» SUPPLIED MATERIAL
Segment Open
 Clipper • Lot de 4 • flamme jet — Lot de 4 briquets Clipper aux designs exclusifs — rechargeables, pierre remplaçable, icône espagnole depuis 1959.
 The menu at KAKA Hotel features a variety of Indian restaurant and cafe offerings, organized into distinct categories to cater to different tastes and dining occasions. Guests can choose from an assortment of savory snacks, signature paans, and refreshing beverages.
Segment Closed
Segment Open
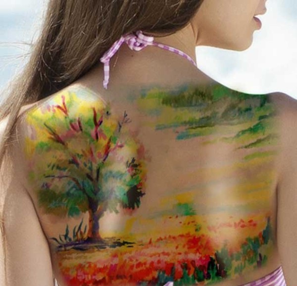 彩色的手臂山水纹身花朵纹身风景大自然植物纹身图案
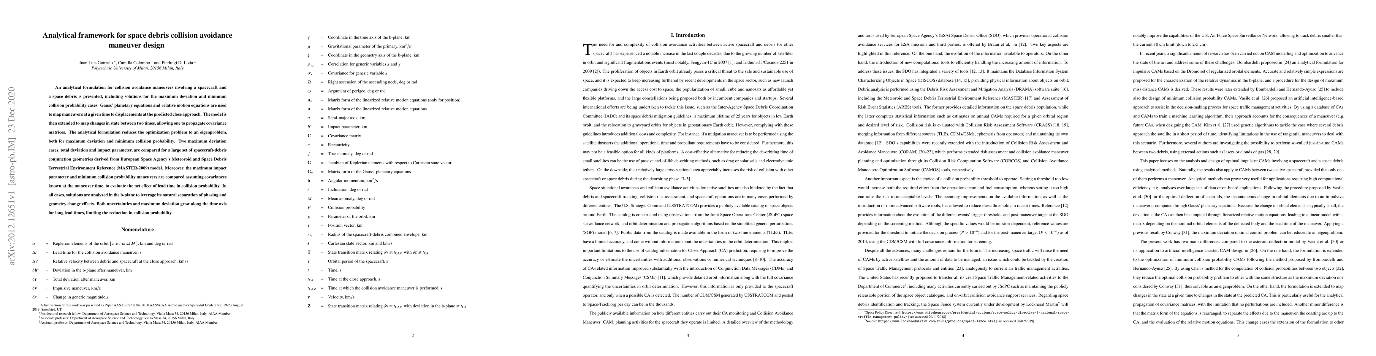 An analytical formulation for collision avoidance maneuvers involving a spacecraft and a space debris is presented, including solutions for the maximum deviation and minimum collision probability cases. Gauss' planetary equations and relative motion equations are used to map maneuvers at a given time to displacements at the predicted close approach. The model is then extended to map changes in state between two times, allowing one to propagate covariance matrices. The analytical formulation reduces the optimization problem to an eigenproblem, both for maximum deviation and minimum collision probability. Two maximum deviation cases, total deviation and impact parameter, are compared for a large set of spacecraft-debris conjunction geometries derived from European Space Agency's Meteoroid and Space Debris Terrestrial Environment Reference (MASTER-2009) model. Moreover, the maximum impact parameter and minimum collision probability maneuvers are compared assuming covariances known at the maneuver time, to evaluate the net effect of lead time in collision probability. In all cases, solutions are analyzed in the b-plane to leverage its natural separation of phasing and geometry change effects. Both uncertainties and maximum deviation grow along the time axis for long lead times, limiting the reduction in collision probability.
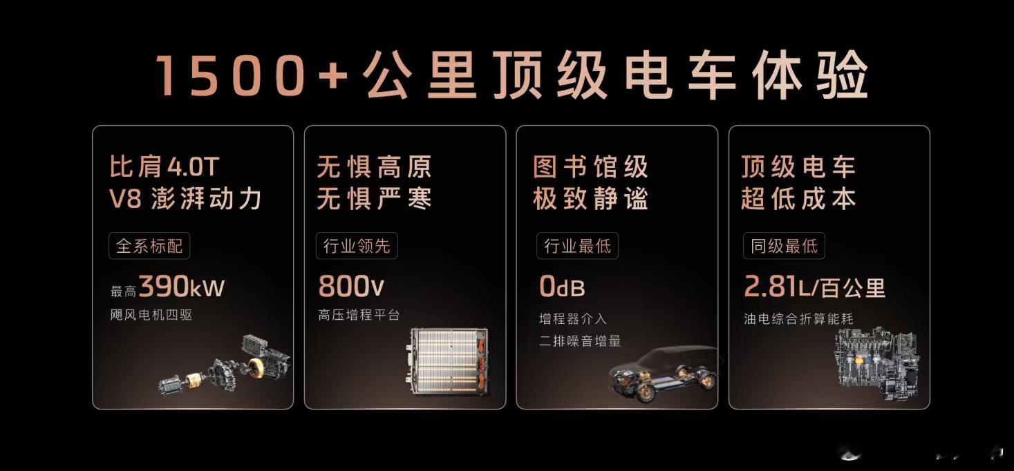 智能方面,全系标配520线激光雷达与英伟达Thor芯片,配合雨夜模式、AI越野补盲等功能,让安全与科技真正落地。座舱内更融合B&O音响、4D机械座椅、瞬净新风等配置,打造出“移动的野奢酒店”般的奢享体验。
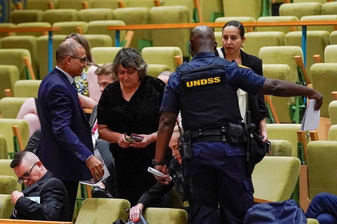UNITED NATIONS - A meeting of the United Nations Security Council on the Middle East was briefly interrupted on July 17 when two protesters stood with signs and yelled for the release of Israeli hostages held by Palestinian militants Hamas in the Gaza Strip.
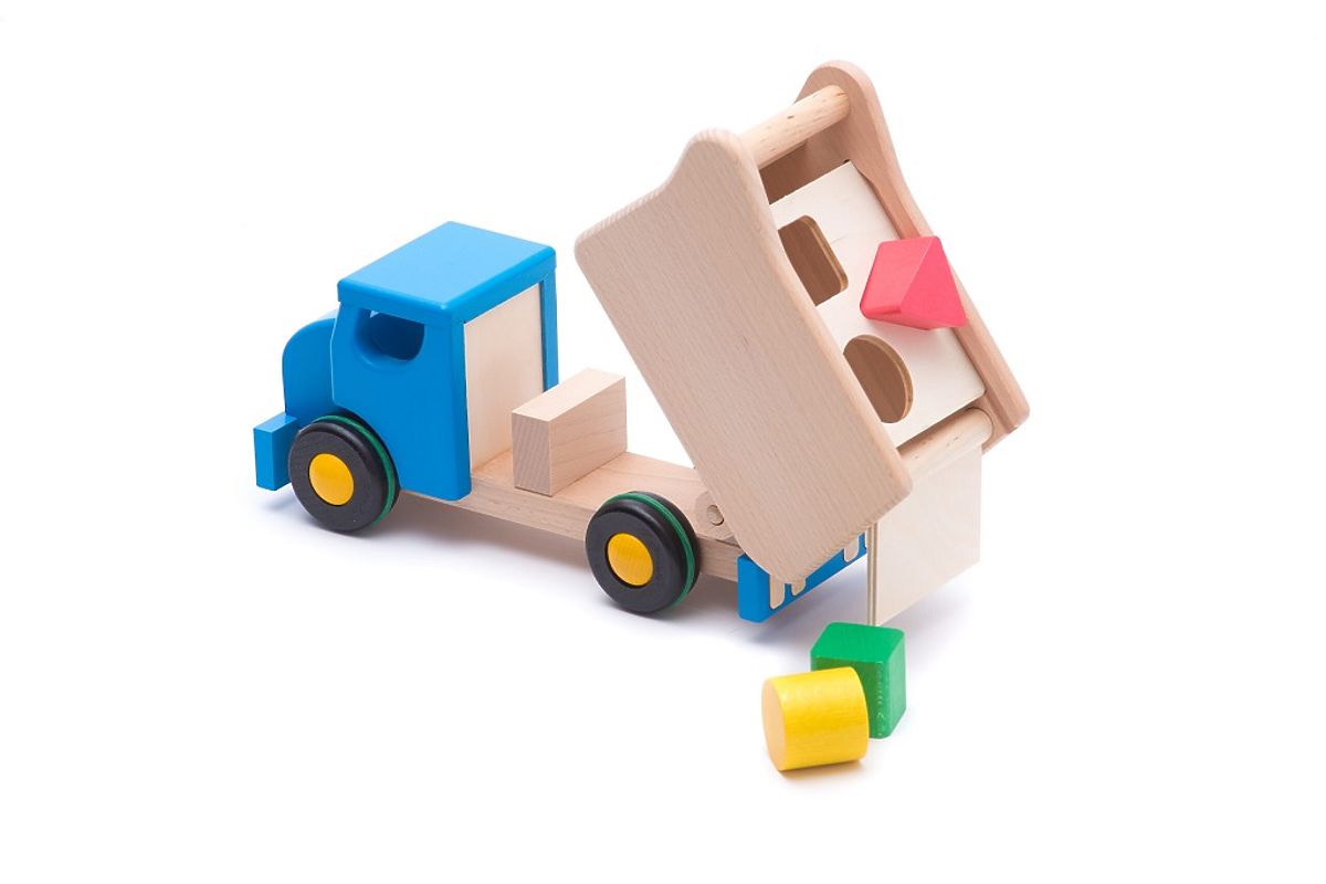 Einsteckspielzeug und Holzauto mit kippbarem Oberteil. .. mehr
Segment Closed
» TASK DETAILS
Write down, word for word, the lines above from the one containing "Clipper • Lot" through the one containing "The menu at", both ends included.

» ANSWER SECTION
 Clipper • Lot de 4 • flamme jet — Lot de 4 briquets Clipper aux designs exclusifs — rechargeables, pierre remplaçable, icône espagnole depuis 1959.
 The menu at KAKA Hotel features a variety of Indian restaurant and cafe offerings, organized into distinct categories to cater to different tastes and dining occasions. Guests can choose from an assortment of savory snacks, signature paans, and refreshing beverages.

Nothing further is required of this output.